TASK PROMPT: Beginning at the line that holds "Trhací poznámkový blok" and continuing to the last line of the data below, transcribe every line word for word, without pictures.

SOURCE MATERIAL:

_ _ _

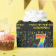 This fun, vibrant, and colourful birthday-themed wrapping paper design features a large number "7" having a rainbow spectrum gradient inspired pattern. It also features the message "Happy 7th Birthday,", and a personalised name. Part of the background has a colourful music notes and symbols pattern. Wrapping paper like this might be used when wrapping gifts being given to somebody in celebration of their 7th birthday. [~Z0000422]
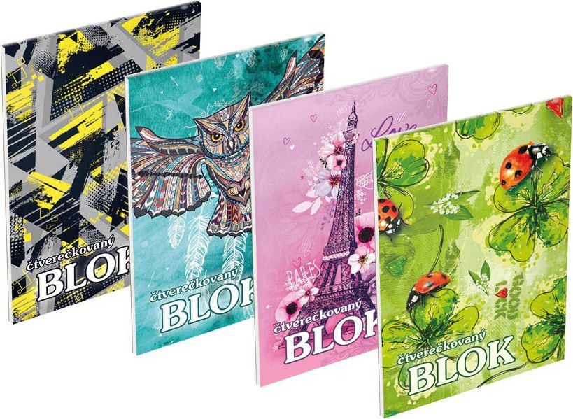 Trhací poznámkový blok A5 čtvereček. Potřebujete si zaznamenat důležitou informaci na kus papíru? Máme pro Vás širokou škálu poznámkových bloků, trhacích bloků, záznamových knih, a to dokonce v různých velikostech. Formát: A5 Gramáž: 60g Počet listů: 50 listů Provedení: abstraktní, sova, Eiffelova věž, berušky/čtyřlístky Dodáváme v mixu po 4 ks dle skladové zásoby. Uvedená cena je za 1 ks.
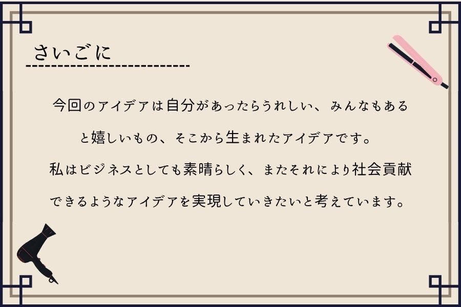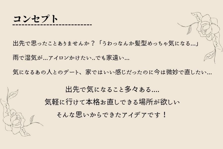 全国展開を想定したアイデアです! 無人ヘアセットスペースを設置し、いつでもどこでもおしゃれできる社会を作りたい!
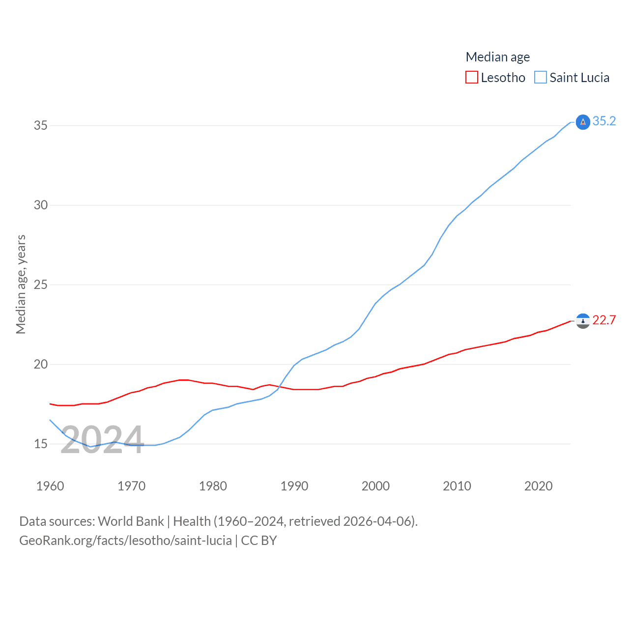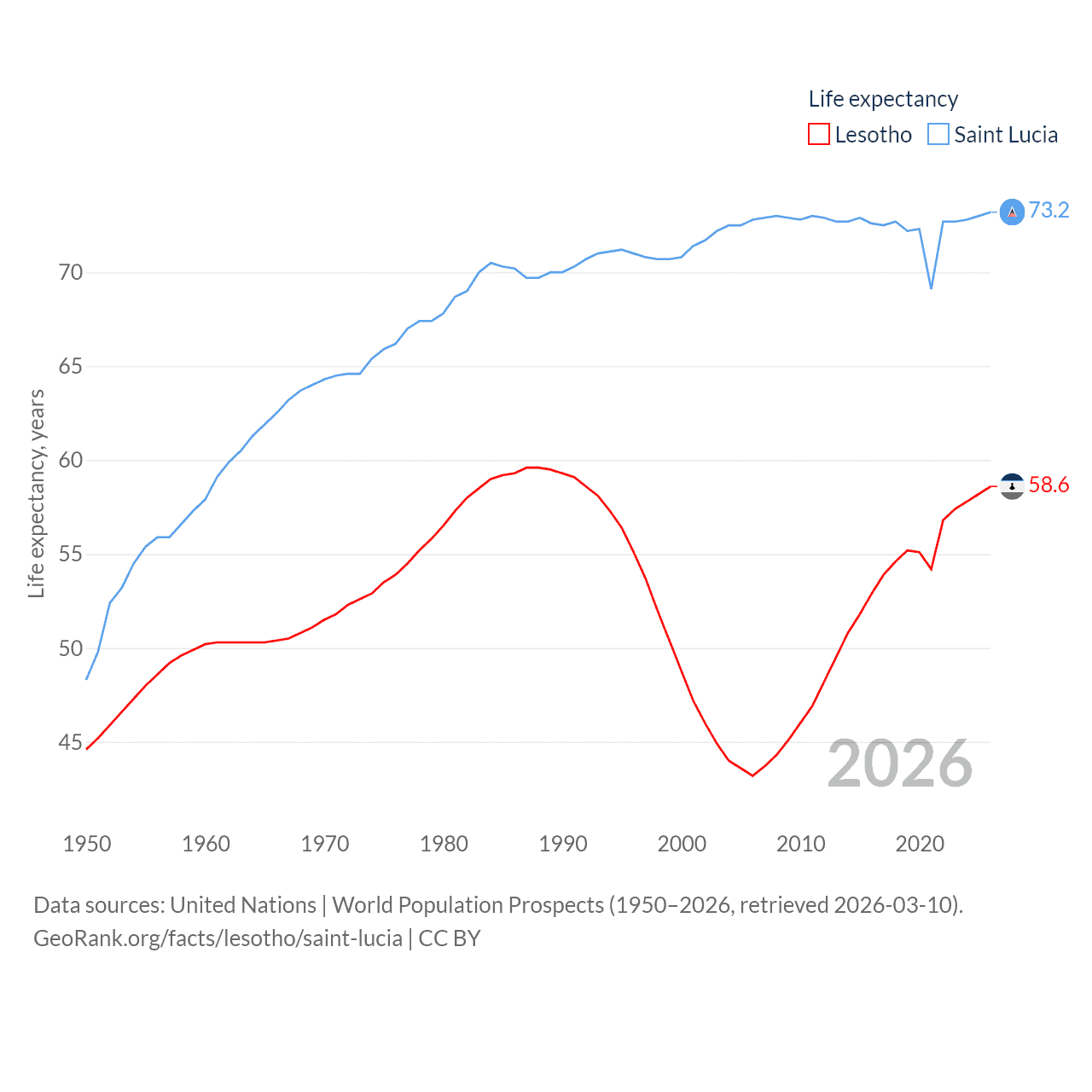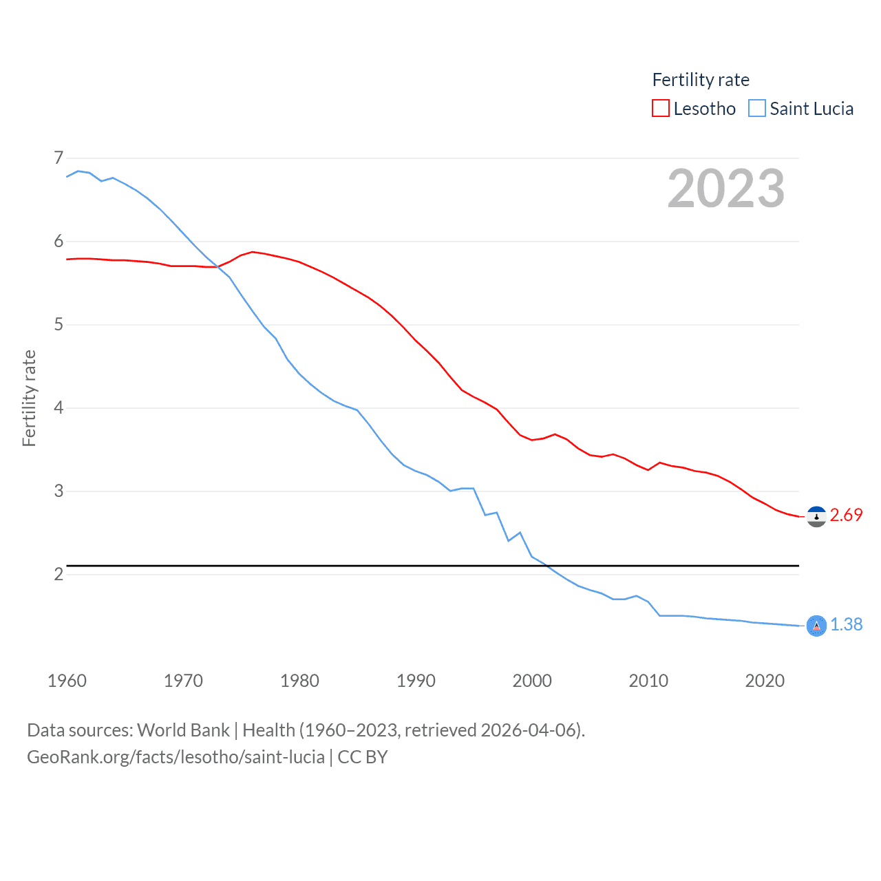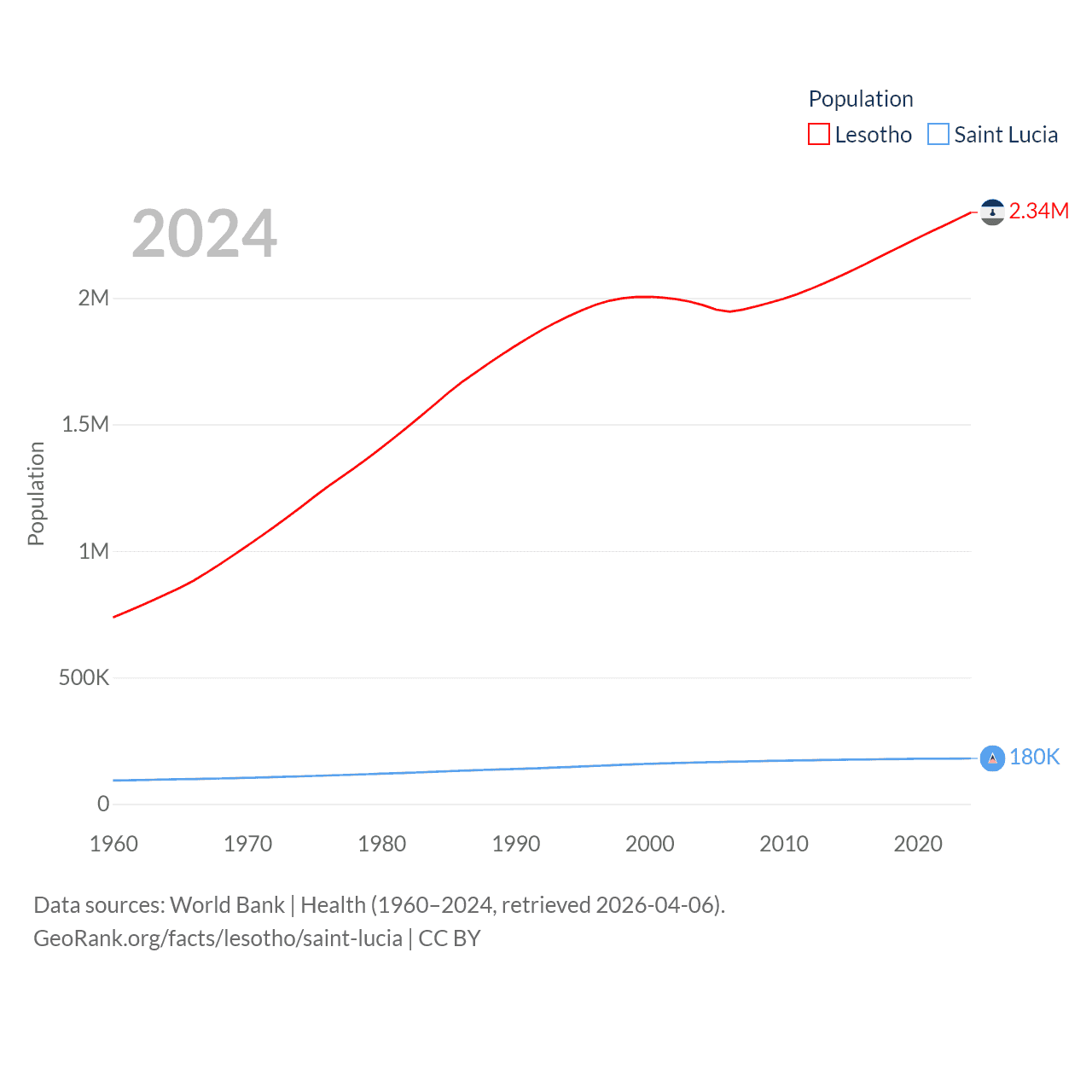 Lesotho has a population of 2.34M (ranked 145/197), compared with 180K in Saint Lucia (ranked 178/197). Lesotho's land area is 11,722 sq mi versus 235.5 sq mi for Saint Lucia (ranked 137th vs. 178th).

_ _ _

ANSWER BOX:
 Trhací poznámkový blok A5 čtvereček. Potřebujete si zaznamenat důležitou informaci na kus papíru? Máme pro Vás širokou škálu poznámkových bloků, trhacích bloků, záznamových knih, a to dokonce v různých velikostech. Formát: A5 Gramáž: 60g Počet listů: 50 listů Provedení: abstraktní, sova, Eiffelova věž, berušky/čtyřlístky Dodáváme v mixu po 4 ks dle skladové zásoby. Uvedená cena je za 1 ks.
 全国展開を想定したアイデアです! 無人ヘアセットスペースを設置し、いつでもどこでもおしゃれできる社会を作りたい!
 Lesotho has a population of 2.34M (ranked 145/197), compared with 180K in Saint Lucia (ranked 178/197). Lesotho's land area is 11,722 sq mi versus 235.5 sq mi for Saint Lucia (ranked 137th vs. 178th).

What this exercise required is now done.